Dataset excerpts:
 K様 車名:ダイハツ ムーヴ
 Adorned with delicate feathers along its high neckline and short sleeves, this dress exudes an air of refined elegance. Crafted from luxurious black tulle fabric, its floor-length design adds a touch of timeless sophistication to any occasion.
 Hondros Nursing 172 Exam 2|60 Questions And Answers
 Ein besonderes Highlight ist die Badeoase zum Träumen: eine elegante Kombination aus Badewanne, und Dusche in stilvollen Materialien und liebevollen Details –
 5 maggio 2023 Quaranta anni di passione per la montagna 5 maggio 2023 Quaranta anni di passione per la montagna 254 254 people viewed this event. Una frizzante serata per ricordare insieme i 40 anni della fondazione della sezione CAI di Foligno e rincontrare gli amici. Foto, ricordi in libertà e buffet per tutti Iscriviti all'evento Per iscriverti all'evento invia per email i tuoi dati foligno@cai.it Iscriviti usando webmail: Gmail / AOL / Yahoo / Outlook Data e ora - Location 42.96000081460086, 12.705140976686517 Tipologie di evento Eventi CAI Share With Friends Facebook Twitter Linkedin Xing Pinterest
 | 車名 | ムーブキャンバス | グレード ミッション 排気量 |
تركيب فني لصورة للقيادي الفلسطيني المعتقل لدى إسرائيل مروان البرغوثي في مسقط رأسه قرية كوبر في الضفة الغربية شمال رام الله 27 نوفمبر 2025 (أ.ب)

==

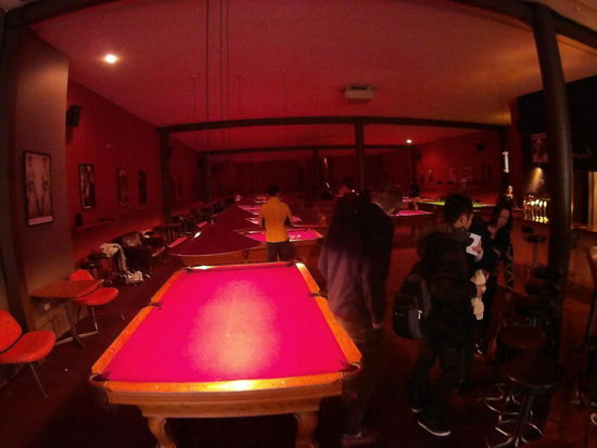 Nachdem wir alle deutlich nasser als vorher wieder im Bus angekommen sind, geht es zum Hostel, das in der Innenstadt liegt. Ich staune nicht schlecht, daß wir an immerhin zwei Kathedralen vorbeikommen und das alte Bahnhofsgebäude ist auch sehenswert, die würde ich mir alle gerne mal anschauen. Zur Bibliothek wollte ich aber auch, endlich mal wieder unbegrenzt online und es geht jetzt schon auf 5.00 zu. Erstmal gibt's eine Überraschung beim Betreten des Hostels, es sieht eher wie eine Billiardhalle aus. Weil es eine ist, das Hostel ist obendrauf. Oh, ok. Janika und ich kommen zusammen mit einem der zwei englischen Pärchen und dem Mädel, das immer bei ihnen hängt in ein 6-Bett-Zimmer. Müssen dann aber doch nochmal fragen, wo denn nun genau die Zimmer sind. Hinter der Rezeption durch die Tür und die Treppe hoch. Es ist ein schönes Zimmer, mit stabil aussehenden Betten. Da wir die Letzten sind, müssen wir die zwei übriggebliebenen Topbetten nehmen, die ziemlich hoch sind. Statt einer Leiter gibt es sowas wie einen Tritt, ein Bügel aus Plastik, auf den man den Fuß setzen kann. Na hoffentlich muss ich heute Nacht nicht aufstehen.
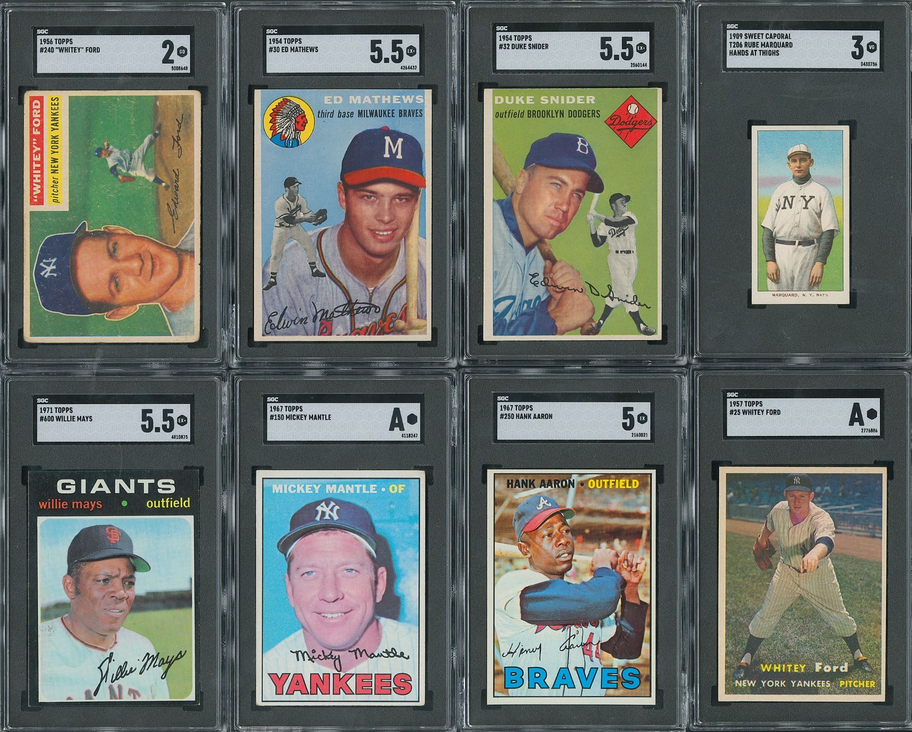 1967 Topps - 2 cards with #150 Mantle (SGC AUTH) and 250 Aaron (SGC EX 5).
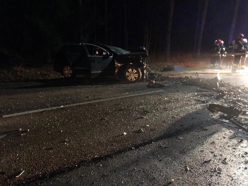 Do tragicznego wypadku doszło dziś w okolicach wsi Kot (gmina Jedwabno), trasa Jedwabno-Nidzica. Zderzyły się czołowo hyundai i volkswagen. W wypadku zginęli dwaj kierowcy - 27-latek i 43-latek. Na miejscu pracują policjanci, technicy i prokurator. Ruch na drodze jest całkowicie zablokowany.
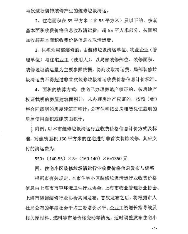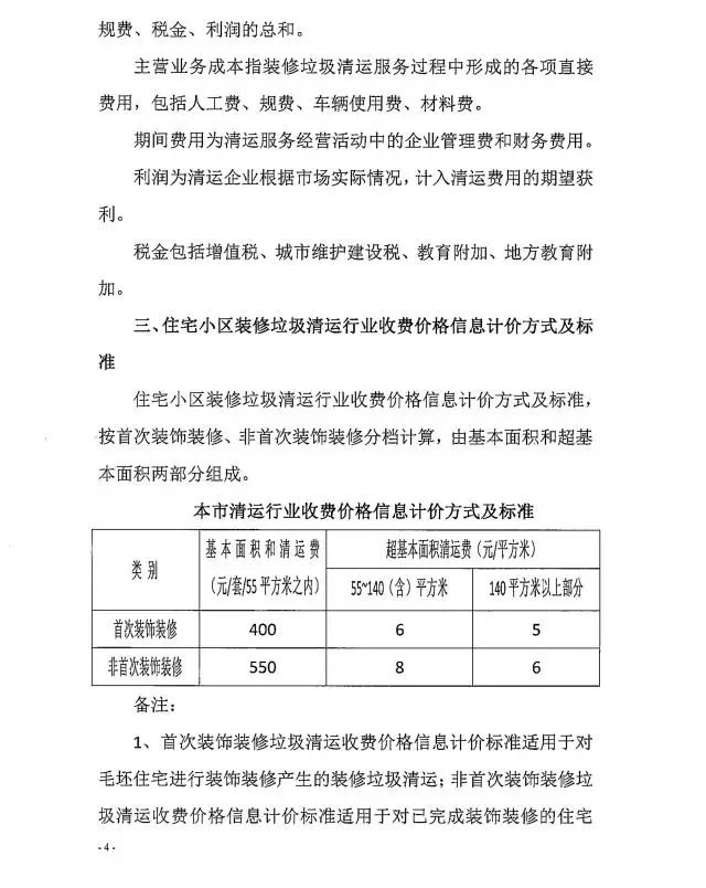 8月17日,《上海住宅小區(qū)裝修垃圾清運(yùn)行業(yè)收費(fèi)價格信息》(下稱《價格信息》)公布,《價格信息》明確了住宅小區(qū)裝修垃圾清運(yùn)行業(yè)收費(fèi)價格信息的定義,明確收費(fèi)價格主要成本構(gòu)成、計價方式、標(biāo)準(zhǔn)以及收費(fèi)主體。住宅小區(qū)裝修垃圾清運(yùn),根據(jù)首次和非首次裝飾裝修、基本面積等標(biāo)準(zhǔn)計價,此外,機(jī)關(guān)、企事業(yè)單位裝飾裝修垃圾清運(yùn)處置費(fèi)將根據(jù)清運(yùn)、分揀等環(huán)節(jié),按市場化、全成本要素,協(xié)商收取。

---

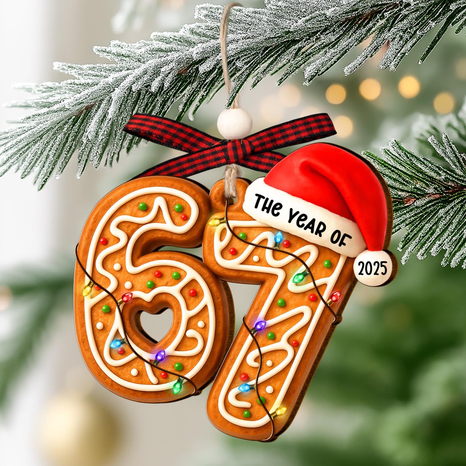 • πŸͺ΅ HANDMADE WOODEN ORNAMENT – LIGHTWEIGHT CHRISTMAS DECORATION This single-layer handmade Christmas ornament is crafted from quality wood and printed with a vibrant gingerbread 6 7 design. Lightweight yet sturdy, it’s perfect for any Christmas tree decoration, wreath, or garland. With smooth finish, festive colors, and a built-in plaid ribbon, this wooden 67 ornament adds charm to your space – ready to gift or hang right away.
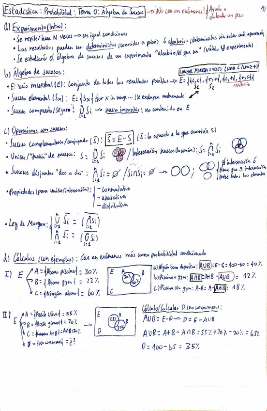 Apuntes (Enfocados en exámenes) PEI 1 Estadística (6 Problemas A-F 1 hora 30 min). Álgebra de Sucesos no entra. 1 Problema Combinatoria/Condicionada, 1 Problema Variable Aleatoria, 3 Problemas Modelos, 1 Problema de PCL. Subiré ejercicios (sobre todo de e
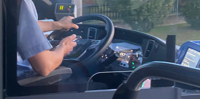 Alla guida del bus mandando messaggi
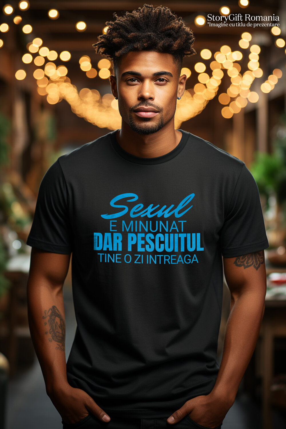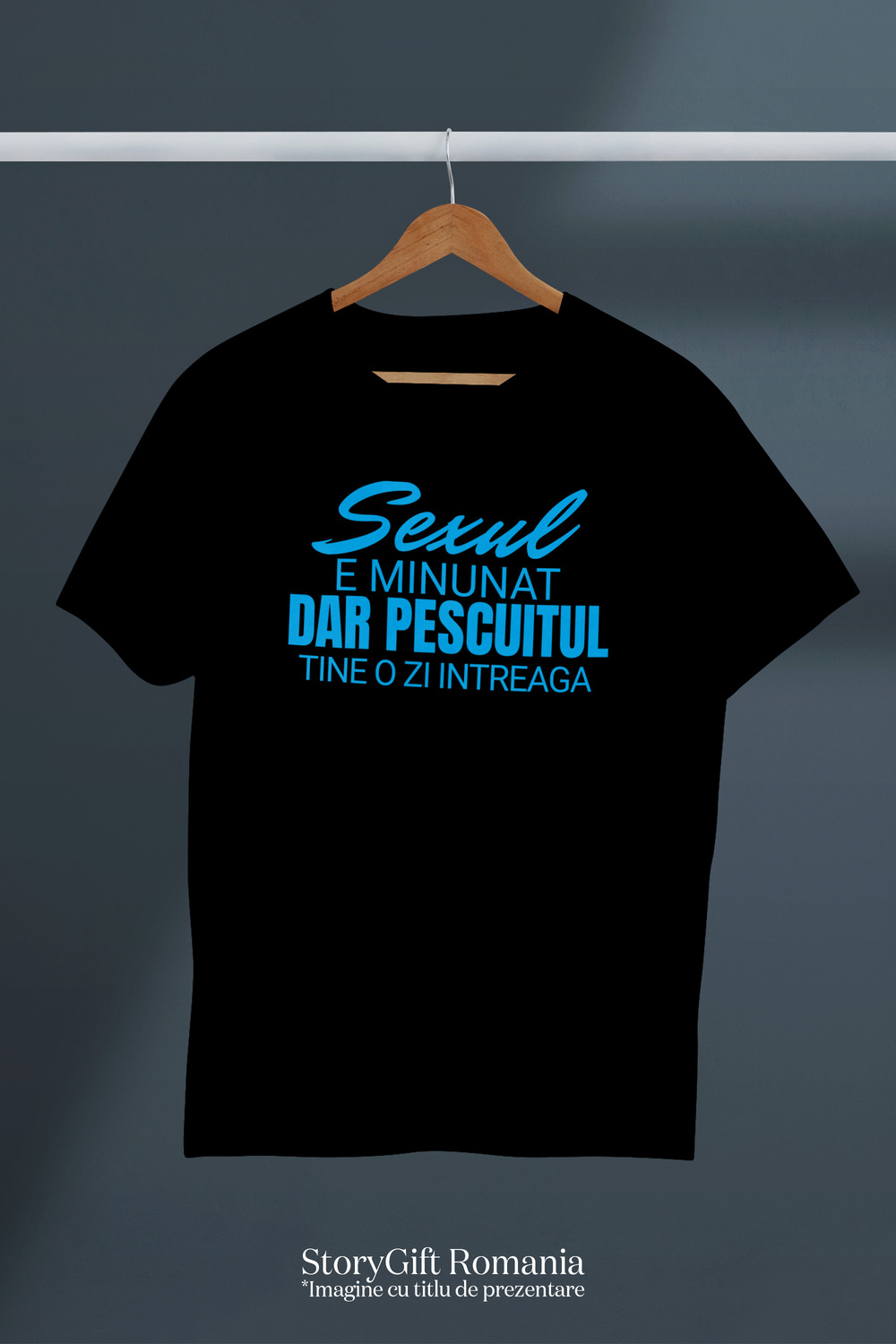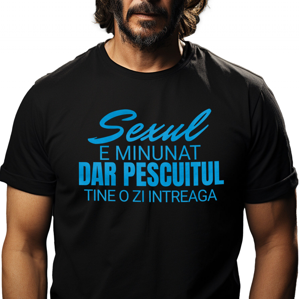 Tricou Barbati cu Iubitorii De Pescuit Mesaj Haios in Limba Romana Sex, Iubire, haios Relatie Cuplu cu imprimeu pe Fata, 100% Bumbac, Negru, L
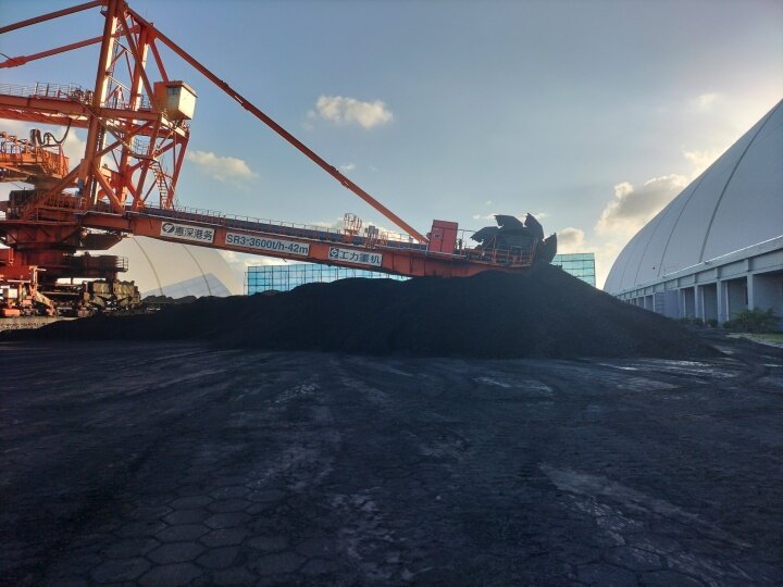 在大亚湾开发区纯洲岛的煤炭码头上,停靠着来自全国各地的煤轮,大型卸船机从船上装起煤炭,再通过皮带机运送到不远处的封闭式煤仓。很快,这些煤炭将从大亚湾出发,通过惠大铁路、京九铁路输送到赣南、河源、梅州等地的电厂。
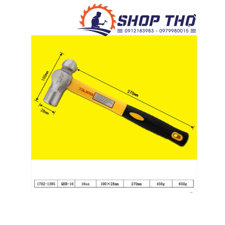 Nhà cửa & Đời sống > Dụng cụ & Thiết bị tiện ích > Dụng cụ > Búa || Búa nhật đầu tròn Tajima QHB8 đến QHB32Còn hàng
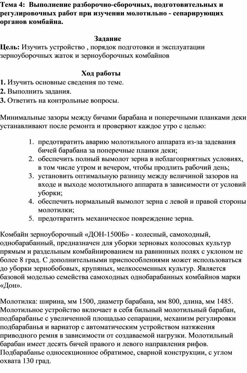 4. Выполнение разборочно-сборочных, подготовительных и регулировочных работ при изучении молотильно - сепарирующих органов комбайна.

Prompt: Every line above between the one containing "Nhà cửa & Đời" and the one containing "4. Выполнение разборочно-сборочных, подготовительных", those two included, is to be printed exactly. No pictures go into the copy.

Exercise solution:
 Nhà cửa & Đời sống > Dụng cụ & Thiết bị tiện ích > Dụng cụ > Búa || Búa nhật đầu tròn Tajima QHB8 đến QHB32Còn hàng
 4. Выполнение разборочно-сборочных, подготовительных и регулировочных работ при изучении молотильно - сепарирующих органов комбайна.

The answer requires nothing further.